Using the data that follows, output only the lines from the line with "La colección Avanti" up to and including the line with "Yaklaşık 150 m2", exactly, leaving pictures aside.

═════ LISTED RECORDS

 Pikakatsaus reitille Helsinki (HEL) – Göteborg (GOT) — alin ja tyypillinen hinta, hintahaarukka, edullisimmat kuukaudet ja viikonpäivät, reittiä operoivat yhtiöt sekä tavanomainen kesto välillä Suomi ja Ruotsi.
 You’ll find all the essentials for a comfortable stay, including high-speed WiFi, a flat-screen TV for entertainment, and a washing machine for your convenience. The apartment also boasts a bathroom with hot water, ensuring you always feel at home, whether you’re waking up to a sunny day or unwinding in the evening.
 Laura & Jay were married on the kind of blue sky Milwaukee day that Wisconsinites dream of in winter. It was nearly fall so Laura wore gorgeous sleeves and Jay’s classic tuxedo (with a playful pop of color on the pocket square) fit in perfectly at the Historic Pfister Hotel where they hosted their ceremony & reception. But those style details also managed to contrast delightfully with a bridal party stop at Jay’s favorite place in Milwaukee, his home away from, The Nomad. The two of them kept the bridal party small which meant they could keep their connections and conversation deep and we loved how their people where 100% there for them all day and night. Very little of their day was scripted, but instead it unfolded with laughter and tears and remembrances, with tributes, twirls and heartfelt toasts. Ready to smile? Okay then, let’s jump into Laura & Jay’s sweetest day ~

══════════
═════ LISTED RECORDS

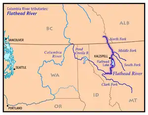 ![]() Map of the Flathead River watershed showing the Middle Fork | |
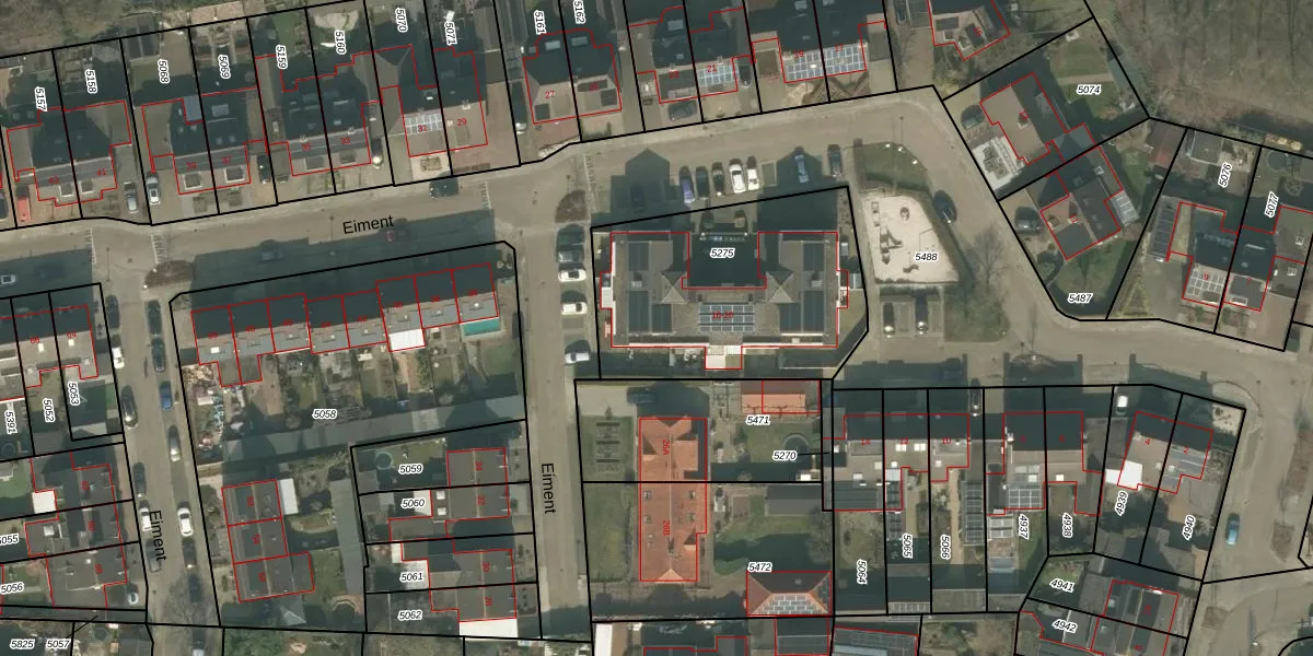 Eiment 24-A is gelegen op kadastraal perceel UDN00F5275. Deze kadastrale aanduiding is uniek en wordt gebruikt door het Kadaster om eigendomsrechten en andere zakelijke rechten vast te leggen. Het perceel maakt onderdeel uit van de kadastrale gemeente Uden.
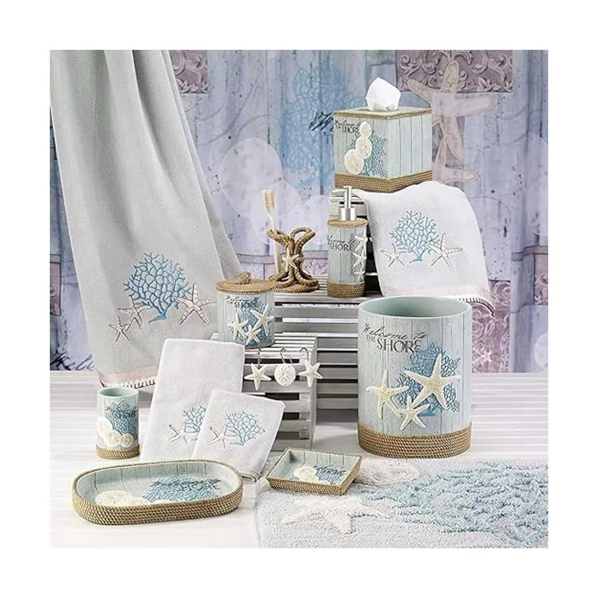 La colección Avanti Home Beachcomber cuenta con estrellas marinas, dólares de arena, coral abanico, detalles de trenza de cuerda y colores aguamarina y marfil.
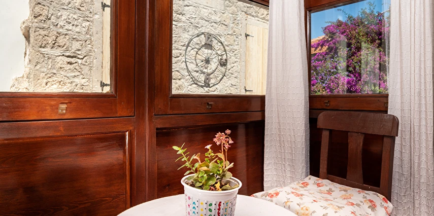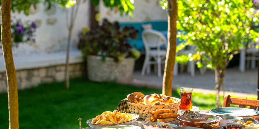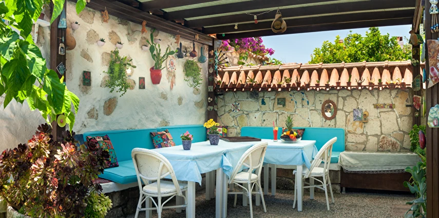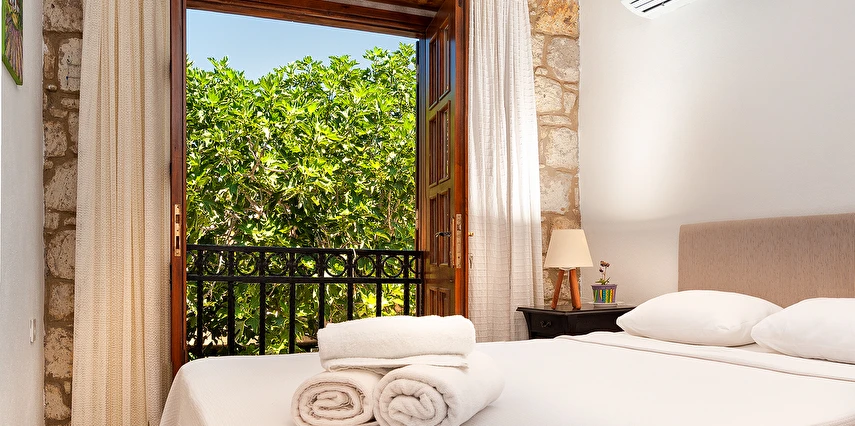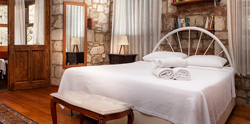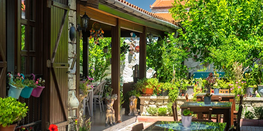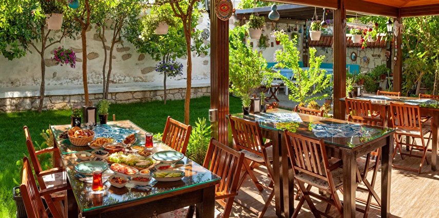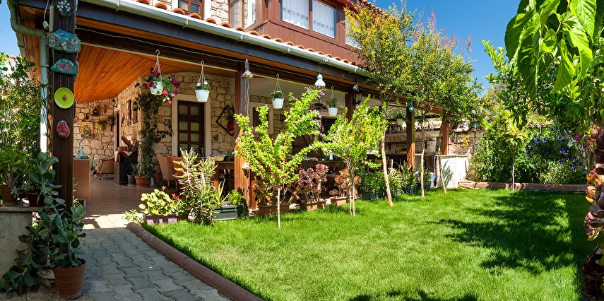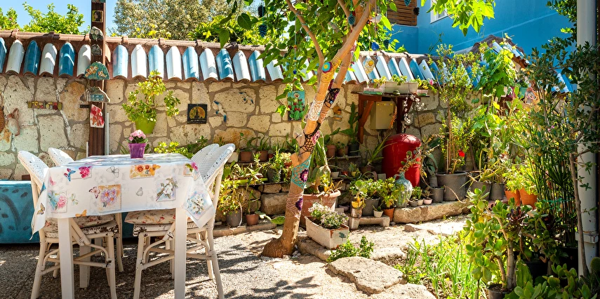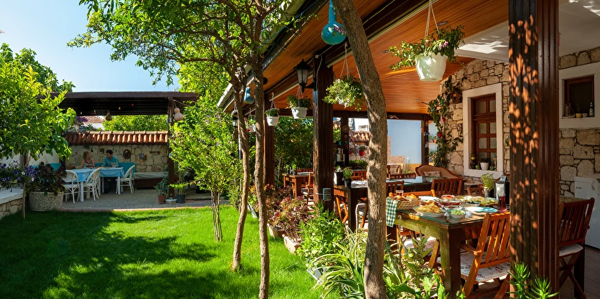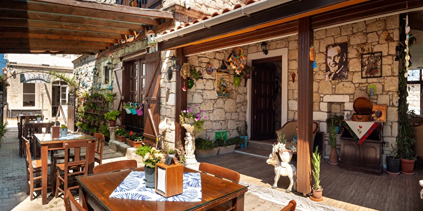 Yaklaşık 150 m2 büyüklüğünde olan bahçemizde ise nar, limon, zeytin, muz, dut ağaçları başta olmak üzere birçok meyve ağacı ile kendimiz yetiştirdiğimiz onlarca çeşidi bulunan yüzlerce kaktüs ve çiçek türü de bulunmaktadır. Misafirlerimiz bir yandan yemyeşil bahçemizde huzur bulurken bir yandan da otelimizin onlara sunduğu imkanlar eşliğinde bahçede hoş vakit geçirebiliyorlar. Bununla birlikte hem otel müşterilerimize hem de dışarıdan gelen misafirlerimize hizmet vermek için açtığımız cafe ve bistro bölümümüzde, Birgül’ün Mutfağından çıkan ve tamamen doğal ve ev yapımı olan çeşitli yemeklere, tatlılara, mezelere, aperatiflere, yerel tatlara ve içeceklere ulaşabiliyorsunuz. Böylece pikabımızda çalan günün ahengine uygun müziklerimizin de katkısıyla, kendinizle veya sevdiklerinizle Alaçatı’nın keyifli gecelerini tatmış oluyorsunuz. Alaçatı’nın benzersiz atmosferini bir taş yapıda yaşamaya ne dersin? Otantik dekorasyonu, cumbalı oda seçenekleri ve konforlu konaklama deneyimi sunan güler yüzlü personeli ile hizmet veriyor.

══════════

RESPONSE:
 La colección Avanti Home Beachcomber cuenta con estrellas marinas, dólares de arena, coral abanico, detalles de trenza de cuerda y colores aguamarina y marfil.
 Yaklaşık 150 m2 büyüklüğünde olan bahçemizde ise nar, limon, zeytin, muz, dut ağaçları başta olmak üzere birçok meyve ağacı ile kendimiz yetiştirdiğimiz onlarca çeşidi bulunan yüzlerce kaktüs ve çiçek türü de bulunmaktadır. Misafirlerimiz bir yandan yemyeşil bahçemizde huzur bulurken bir yandan da otelimizin onlara sunduğu imkanlar eşliğinde bahçede hoş vakit geçirebiliyorlar. Bununla birlikte hem otel müşterilerimize hem de dışarıdan gelen misafirlerimize hizmet vermek için açtığımız cafe ve bistro bölümümüzde, Birgül’ün Mutfağından çıkan ve tamamen doğal ve ev yapımı olan çeşitli yemeklere, tatlılara, mezelere, aperatiflere, yerel tatlara ve içeceklere ulaşabiliyorsunuz. Böylece pikabımızda çalan günün ahengine uygun müziklerimizin de katkısıyla, kendinizle veya sevdiklerinizle Alaçatı’nın keyifli gecelerini tatmış oluyorsunuz. Alaçatı’nın benzersiz atmosferini bir taş yapıda yaşamaya ne dersin? Otantik dekorasyonu, cumbalı oda seçenekleri ve konforlu konaklama deneyimi sunan güler yüzlü personeli ile hizmet veriyor.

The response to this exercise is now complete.